I would go back to basics, if you have a manege you can long rein and teach him to respond to voice commands, do not witter on, just single commands, he will soon get the idea, you can then transfer this idea to riding, and use your seat not your reins, the reins are not your brakes, he needs to develop his mouth, I assume [I may be wrong] he is on the forehands, so lots of gridwork to get him working and balancing.
Avoid over excitement.
I never use draw reins, they are a short cut, and you really want to avoid that. He sounds pretty strong, but he may have mouth issues of the wrong type, and you are risking asking him to fight you.


----------



## caroline23 (3 July 2011)

i am in same position as you, have a young 5 year old cob who a simple french link snaffle wasnt enough, i now have him in a single jointed dutch gag with one rein on snaffle ring and  the 2nd set of reins on the 2nd ring as my "back up" , switched about a month ago and so far have only had to use the 2nd set of reins 3 times! so i recommend it and dont think its too harsh for a young cob if used correctly and only to correct not listening to the snaffle ring, in time i hope to return to just a single joint snaffle


----------



## Indigo Moose (3 July 2011)

Call the Neue Schule help line. They give great advice as the founder has been there and seen it all.

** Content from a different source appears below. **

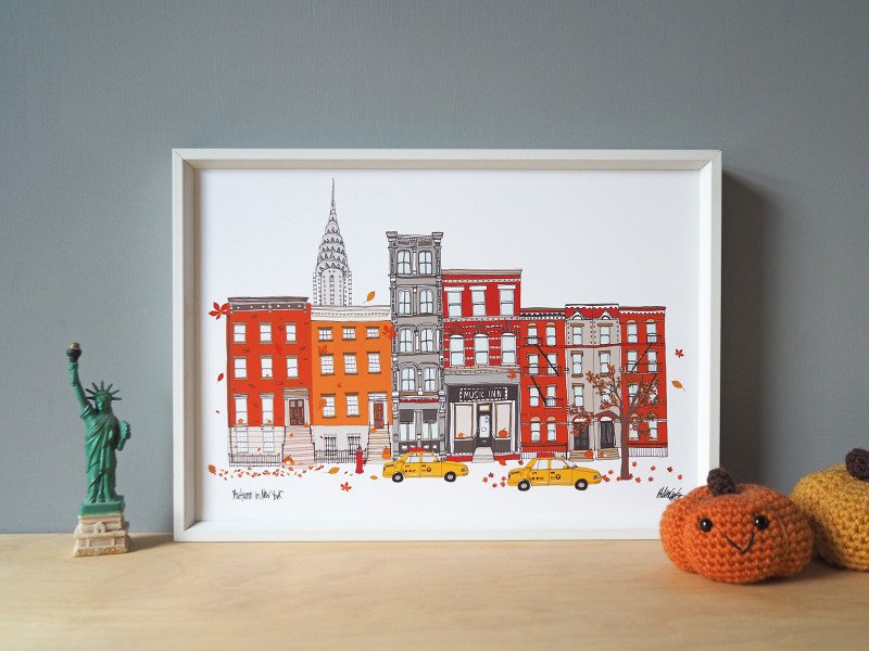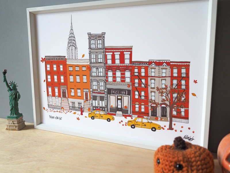 A colourful autumnal New York skyline illustration print, with cosy orange and red brick townhouses, swirling autumn leaves and pumpkins everywhere!

You don't say what mouthpiece he's in, but I'd recommend a French link, or if that doesn't work, a Dr Bristol or Waterford.


----------



## Archie Two Tone (3 July 2011)

Hi there.  This is my first time posting on a Forum so sorry if I make any newbie mistakes.  I have a 6 year old cob (owned him since 3) who is very strong at times.  My show jumping instructor recommended a Neue Schule Tranz Angled Lozenge Universal (I know, a bit of a mouthful, PARDON THE PUN!) but it is absolutely fabulous.  I spoke to NS about my dilemna and they explained that this bit is perfect for youngsters as it is only 1 step up from a snaffle.  It has added steering control and a much better braking response and has eliminated the head toss which the gags/pelhams caused.  I use a curb with it when hunting but don't need it for flatwork/jumping.  Try this link http://www.horsebithire.com/neue-schule-tranz-universal-16

As this enables you to hire the bit and see if it works without having to go to the signifcant expense of buying it.  I would thoroughly recommend it tho!

Good luck


----------